Whether you are trying to build a Fortune 500 company or tap dance on the moon, success in anything is a two step dance. The first is understanding what you need to do. This is tricky because the foundations of “what you need to do” are most often built on quicksand. It’s tricky, there is no doubt in that, but eventually most entrepreneurialy minded people figure it out, coming up with a clever, arguably brilliant plan to get what they have been looking for.
Step two is executing on the plan until it works.
This is where we start running into troubles.
The problem is rarely that the plan isn’t good. If you spend enough time working through the process of say finding a publisher for your new children’s novel about a neurotic Tortoise, the steps you need to take become pretty clear: write the book, find an agent, sign a publisher, do revisions and then market until everyone you have ever met can recite verbatim a list of everything your Tortoise has ever eaten.
The problem though is that each of these steps has this odd tendency of becoming infinitely more complicated than it looks on paper.

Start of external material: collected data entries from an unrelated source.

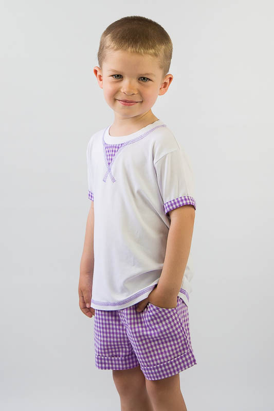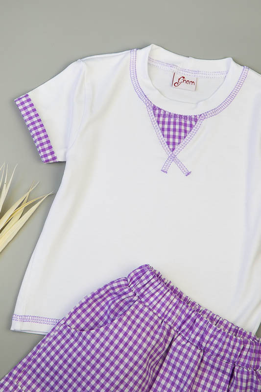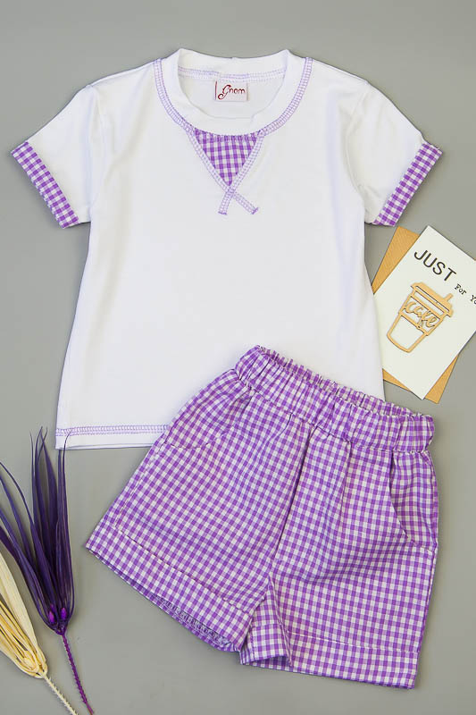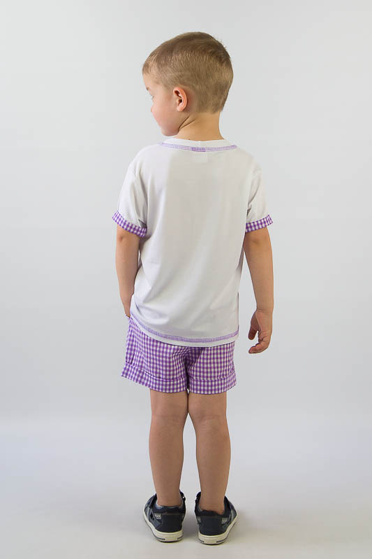 Комплект для хлопчиків дошкільного та молодшого шкільного віку від ТМ «Гном» прекрасно підійде для спекотної літньої погоди. Складається він з футболки та шортів з кишенями і відворотного манжета. Футболка виготовлена з легкого і тонкого віскозного трикотажного полотна. Горловина футболки оформлена вставкою, а рукава відворотними манжетами виконаними з оздоблювального матеріалу. Шорти пошиті з легкої бавовняної тканини - поплін. В пояс виробу вставлена широка резина. До складу віскози входять рослинні волокна, що роблять її схожою на бавовну. Віскоза також добре вбирає вологу, приємна на дотик, воздухопроникна і не викликає алергію. Перевагами попліну є гігроскопічність, міцність, зносостійкість, противоаллергенність. Тканина не дає усадку при пранні, легко прасується. В цілому комплект не вимагає особливого догляду. Прання звичайне, машинне, при 40 ° С з використанням простого прального порошку.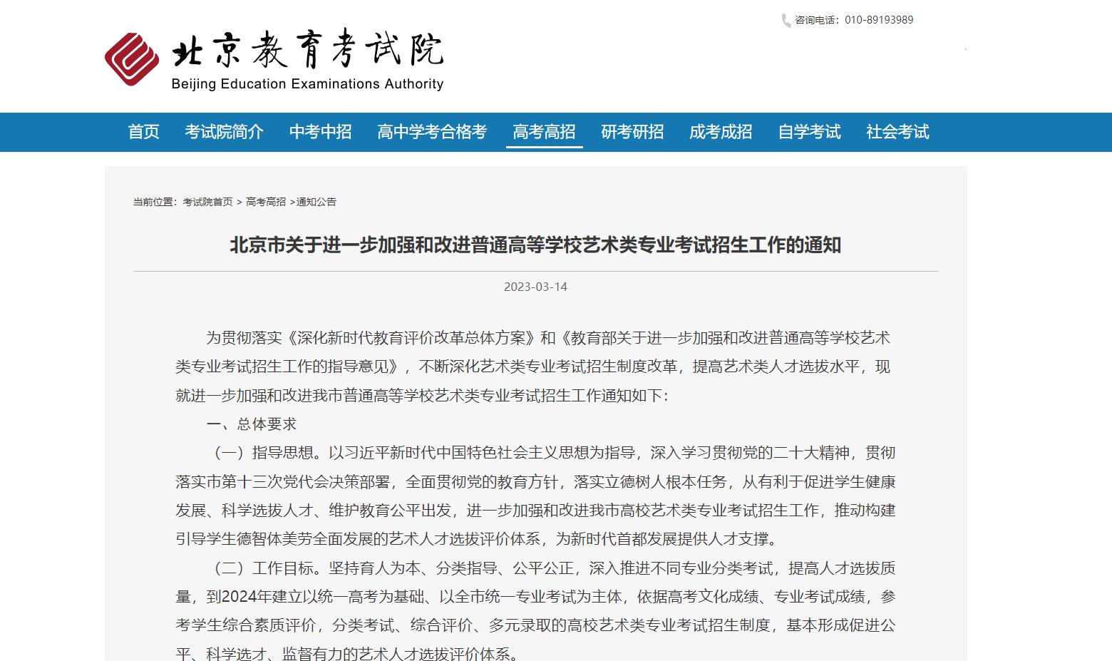 根據(jù)《北京市關(guān)于進一步加強和改進普通高等學(xué)校藝術(shù)類專業(yè)考試招生工作的通知》(以下簡稱《通知》),高校藝術(shù)類專業(yè)招生實行“文化素質(zhì)+專業(yè)能力”的考試評價方式,文化素質(zhì)使用高考文化課考試成績,專業(yè)能力使用藝術(shù)專業(yè)能力考試成績。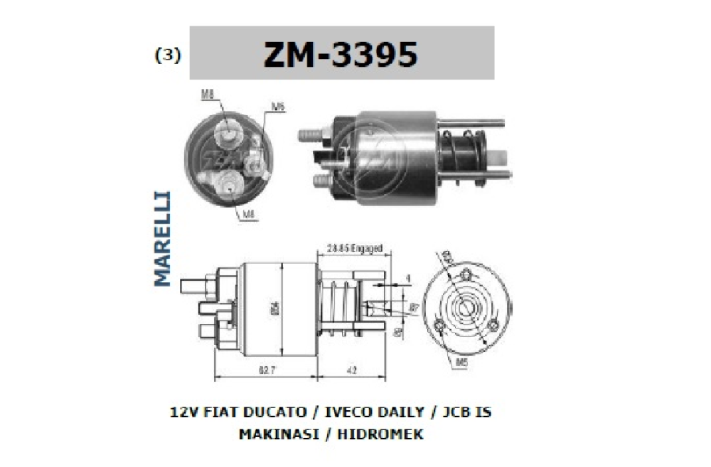 MARŞ OTOM 12V. MARELLİ TİPİ 3 ÇİVATALI FİAT DUCATO PEUGEOT BOXER FORKLIFT, PERKINS, MF TRAKTÖR, ERKUT TRAKTÖR FİAT PUNTO/MF 3050 PHANTOM JCB /CAT KEPÇE V184 HİDROMEK KEPÇE BEKO LOADER ( EN:89 BOY:143,5 ) ZM-3395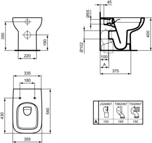Standtiefspül-WC i.Life A 355x540x400mm weiss spülrandlos Ideal Standard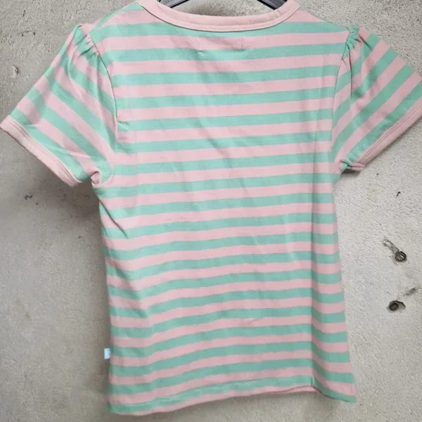 Gestreept t-shirt lichtgroen met roze. Heeft een watermeloen print aan de voorzijde.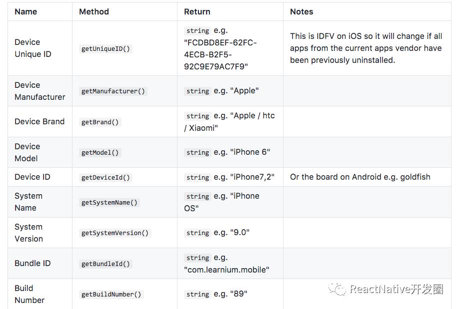 这次介绍的获取移动设备信息的组件名叫:react-native-device-info,兼容IOS和安卓双平台,可以获取设备ID、设备品牌、设备型号、IP以及APP版本号等信息。是一个应用很广泛的基础组件。

We underestimate how badly we have underestimated the project. We assume conservatively that we will need to pitch five agents in five weeks to find one to represent our book, when in reality it’s a lot more like twenty-five agents over the course of six months. We assume that our geo-location startup will start generating $10,000 monthly revenue in the first six weeks when in reality it’s more like $2,000 in sixteen. We expect that all our troubles will be linear and predictable when the truth is that trouble tends to come in fits and starts and that the things that end up killing us rarely have contingencies built around them.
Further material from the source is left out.